1. object ExtractEquiJoinKeys
一个模式匹配,官方注释是:
A pattern that finds joins with equality conditions that can be evaluated using equi-join. Null-safe equality will be transformed into equality as joining key (replace null with default value).
那什么叫null-safe equality呢?这里有个case class EqualNullSafe,解释是:
expr1 FUNC expr2 - Returns same result as the EQUAL(=) operator for non-null operands, but returns true if both are null, false if one of the them is null.

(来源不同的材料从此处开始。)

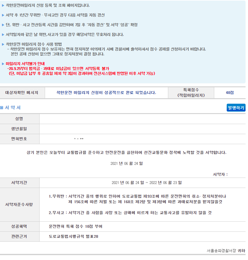 · 서약 횟수에 제한은 없으며, 해마다 무 위반, 무사고 서약을 하고 지키면 마일리지가 10점씩 계속 누적됩니다.
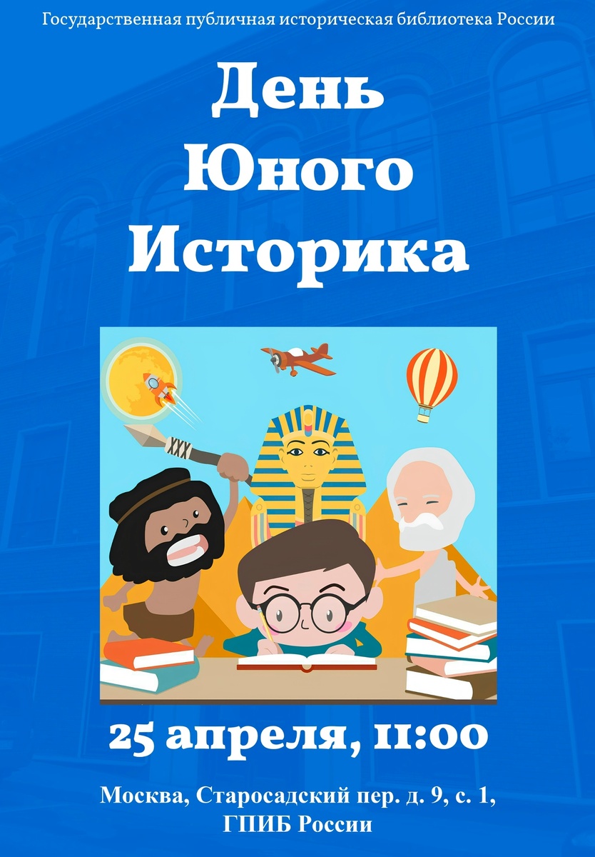 АКЦИЯ «ДЕНЬ ЮНОГО ИСТОРИКА» В субботу, 25 апреля 2026 г. в Государственной публичной исторической библиотеке России будет проводиться «День юного историка». Это профориентационное просветительское мероприятие, нацеленное на формирование у школьников из педагогических, социо-гуманитарных, медиа старших классов интереса к профессиональному развитию в исторической сфере. Данное мероприятие будет способствовать развитию интереса учащихся школ к исторической науке. На мероприятии предполагается провести ряд кратких интерактивных мастер-классов (библиотечных занятий) по археологии и реставрация книг, проведена обзорная экскурсия по зданию ГПИБ России «Историческая библиотека: прошлое и настоящее», а также обобщена информация о возможностях Исторической библиотеки как будущим историкам-исследователям. Библиотечное занятие «Историческая реконструкция: хобби с научным подходом». В ходе занятия посетители узнают о движении исторической реконструкции, о её сути, истоках, а самое главное – о мет

意思也就是除了正常的值会判断相等之外,当等式左右两边都是null时候也会认为其相等,当有一边为null时候认为其不等。查看源码会发现,当两边都是null时候其实会被当作是0来处理。
源码:
/**
* A pattern that finds joins with equality conditions that can be evaluated using equi-join.
*
* Null-safe equality will be transformed into equality as joining key (replace null with default
* value).
*/
object ExtractEquiJoinKeys extends Logging with PredicateHelper {
/** (joinType, leftKeys, rightKeys, condition, leftChild, rightChild) */
type ReturnType =
(JoinType, Seq[Expression], Seq[Expression], Option[Expression], LogicalPlan, LogicalPlan)
def unapply(plan: LogicalPlan): Option[ReturnType] = plan match {
case join @ Join(left, right, joinType, condition) =>
logDebug(s"Considering join on: $condition")
// Find equi-join predicates that can be evaluated before the join, and thus can be used
// as join keys.
val predicates = condition.map(splitConjunctivePredicates).getOrElse(Nil)
val joinKeys = predicates.flatMap {
case EqualTo(l, r) if l.references.isEmpty || r.references.isEmpty => None
case EqualTo(l, r) if canEvaluate(l, left) && canEvaluate(r, right) => Some((l, r))
case EqualTo(l, r) if canEvaluate(l, right) && canEvaluate(r, left) => Some((r, l))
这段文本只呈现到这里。